Hagel: Shutdown hurting America’s credibility abroad
{mosads}Pentagon
officials are furloughing nearly all of the department’s civilian
workforce, severely curtailing day-to-day U.S. military operations and
bringing any plans for new business contracts as a result of the
government shutdown.
The Pentagon’s shutdown plan, drafted by
Deputy Defense Secretary Ashton Carter and released Friday, closely
follows the Defense Department contingency blueprint issued by military
leaders in anticipation of the last shutdown threat in 2011.
Despite
those sharp reductions, department and service leaders will continue to
carry out “essential operations in the absence of appropriated funds,”
Carter said in a memorandum Friday.
But the Pentagon is still furloughing roughly half of its 800,000
civilian employees at facilities across the United States.
Service
members will not be furloughed, and Congress passed a bill on Monday
hours before the shutdown that was signed by President Obama and allows
them to be paid while the government is shut down.
That loss of manpower will have an effect on how the U.S. military meets its national security goals, according to Hagel.
“When
you take that number of civilian employees out of the mix of every day
planning and working … you’re going to impact readiness.
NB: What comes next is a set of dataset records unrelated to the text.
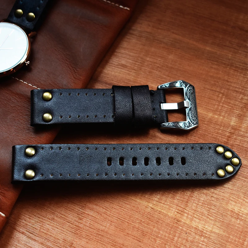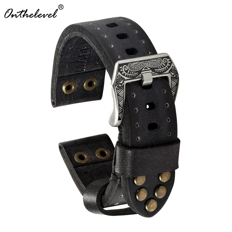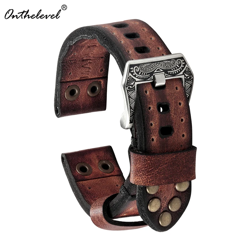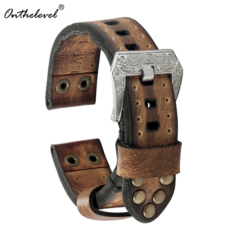 Ремешок для часов onthcelel, классический винтажный мягкий кожаный браслет с заклепками, с резной пряжкой, 18 мм 20 мм 22 мм # C
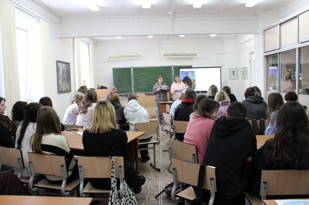 Лекторий о великом мастере и его бессмертных шедеврах провели студентки 5 курса профиля «Музыка и МХК» Александра Мачуженко и Анастасия Николаева. Говорили не только о нюансах творческой биографии Микеланджело, но и о его влиянии на искусство последующих столетий. Не остался без внимания и образ художника, запечатленный в художественном слове (в лирике Ф. И. Тютчева, Р. М. Рильке, Д. С. Мережковского, О. Э. Мандельштама, У. Б. Йейтса), а также его собственное поэтическое наследие.
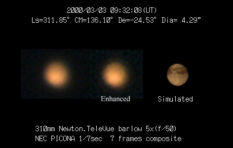 2000/03/03 09:32:08(UT) Ls=311.85 CM=136.10 De=-24.53 Dia= 4.29" 310mm Newtonian(F5) TeleVue barlow 5x(f/50) 3 deg. prism NEC PICONA 1/7sec,7 frames composite (強調画像:作成伊賀)

You’re
going to impact a mission. There’s no point in kidding about that,” the
Pentagon chief said.
“There’s no question [the shutdown] impacts our mission,” Hagel said.
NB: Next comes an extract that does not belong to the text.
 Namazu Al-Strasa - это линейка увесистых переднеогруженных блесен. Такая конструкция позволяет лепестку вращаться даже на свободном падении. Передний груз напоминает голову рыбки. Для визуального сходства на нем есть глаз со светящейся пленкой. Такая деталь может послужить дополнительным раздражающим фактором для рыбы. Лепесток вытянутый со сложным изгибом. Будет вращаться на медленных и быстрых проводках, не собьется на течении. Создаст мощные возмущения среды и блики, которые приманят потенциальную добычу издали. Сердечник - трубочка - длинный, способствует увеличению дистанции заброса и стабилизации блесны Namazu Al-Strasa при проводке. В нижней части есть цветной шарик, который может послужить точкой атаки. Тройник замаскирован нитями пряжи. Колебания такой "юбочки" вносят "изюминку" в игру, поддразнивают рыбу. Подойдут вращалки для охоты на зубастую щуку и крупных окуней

However, Hagel reiterated that even with the reductions caused by the shutdown, national security will not be sacrificed.
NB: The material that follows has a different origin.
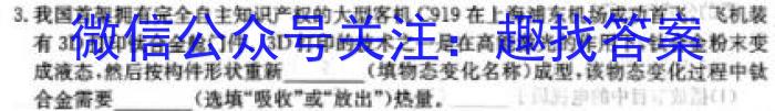 3.我国首架拥有完全自主知识产权的大型客机C919在上海浦东机场成功首飞。飞机装有3D打印合金舱门件,3D打印的技术之一是在高能激光的作用下,钛合金粉末变成液态,然后按构件形状重新(填物态变化名称)成型,该物态变化过程中钛合金需要(选填“吸收”或“放出”)热量。1)

“America should not be concerned that their security is now in jeopardy. It is not. It will not be,” he said.
While
American military leaders will continue to meet national security
priorities, Hagel expressed little hope the shutdown would end anytime
soon.
“I do have confidence in almost a uniquely American
self-correction process. We can fix our own problems, and we always have — doesn’t mean we always will,” he said.
But Hagel also said the shutdown is the end result of a Congress that has “lost an appreciation for governing.”
“I think most people who hold public office regardless of their party or their philosophical persuasion … have some appreciation and obligation, responsibility, for governing, actually governing,” said Hagel, who served two terms as a Republican senator from Nebraska. “We’ve lost a good amount of that. That has changed.”
That change, Hagel added, has not only prompted the current shutdown crisis but has clearly signaled that Congress “has lost [their] way.”
“No democracy can govern itself without consensus and compromise. It is impossible. And we seem to have lost that,” the Pentagon chief said. “We have seemed to have lost our way in that being an objective of governing.”